I mean, we can't really completely inspect a working brain to see what's happening. To get that level of inspection, we'd need to dig into the brain while it is functioning. Unfortunately, this kills the patient. And then the brain stops working. It's a black box essentially.
We have tools that allow us some degree of insight, but honestly, it is incredibly difficult and progress is slow and staggered.
So my point remains. I'm not saying there's nothing to learn. I'm saying that we cannot go deep. That we currently cannot understand the brain to the degree we understand other systems. And that there are fundamental difficulties because we're dealing with living beings.
I mean, we can't really completely inspect a working brain to see what's happening. To get that level of inspection, we'd need to dig into the brain while it is functioning. Unfortunately, this kills the patient
Leave out the completely and it's a different story though: it's perfectly possible to 'dig in while functioning' i.e. inspect small parts using electrode arrays and that will not kill the patient and only do minimal damage (the couple of cells killed by that are nothing in comparison with the entirety). Non-invasive fMRI techniques also have come a long way but temporal resolution is low. But as you say: difficult, slow, and by no means a 'complete' view. On the other hand: no idea how one would even begin to handle the insane amount of data which would come from inspecting a complete brain. So what goes on now, tackling smaller areas/connections thereof one by one, is not even that bad of an approach.

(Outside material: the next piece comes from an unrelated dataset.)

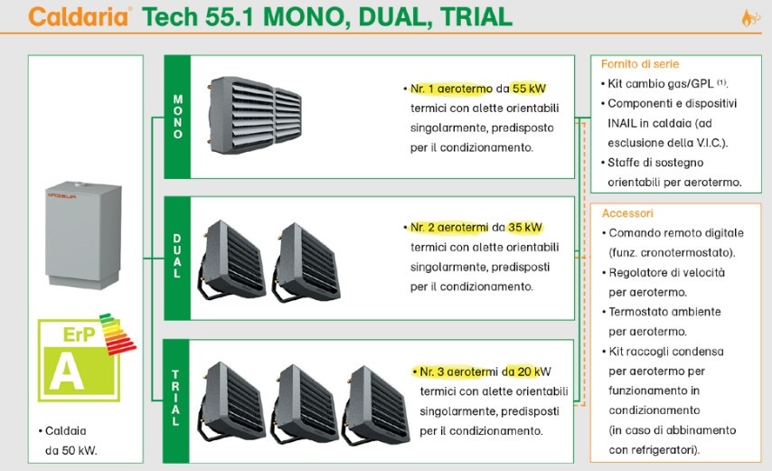 NOLEGGIO - ROBUR Caldaria° TECH 100.1 TRIAL (Caldaia 99.8kW + 3 Aerotermi 35kW + Miscelatore 10.000 mc/h + 7mt * 480mq * 3360mc) (Art. F1292H110+E 3M)
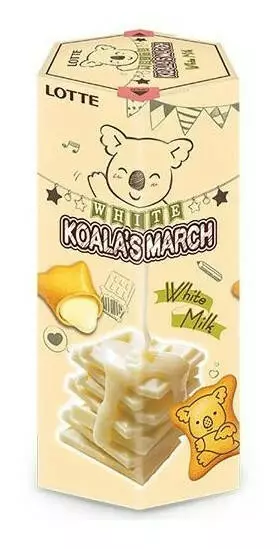 Lotte Koala’s March White Cream Cheese — оригинальное японско-корейское печенье в форме забавных коал с нежной молочно-сырной начинкой. Хрустящее тесто и сливочный крем создают сбалансированный вкус, который понравится и детям, и взрослым.

Our ability to know how a brain works on the level of how well we know, say, the combustion engine works is severely limited by the fact that we're dealing with living beings and that the state of consciousness of the subject matters.
Sort of, but to people not knowing anything about it it might sound as if it's impossible to do anything at all in vivo so I added some information about what is possible if you do not want a 'complete' recording.
yup to understand it we would have to take apart and experiment distructively on working one which woud be un ethical.
reminds me of a argument i had with my sister a psych major about whether psychology is a actually a science. her answer was it could be but it would break to many laws, violate human rights and ethics boards would frown at you for cloning hundreds of humans to raise in identical situations to do a/b testing on.
That's what rats are for. For some experiments the research animal will be immediately "sacrificed" then have it's brain sliced and diced for inspection. Brings a whole new meaning to "thank you for your service".
We have tools that allow us some degree of insight, but honestly, it is incredibly difficult and progress is slow and staggered.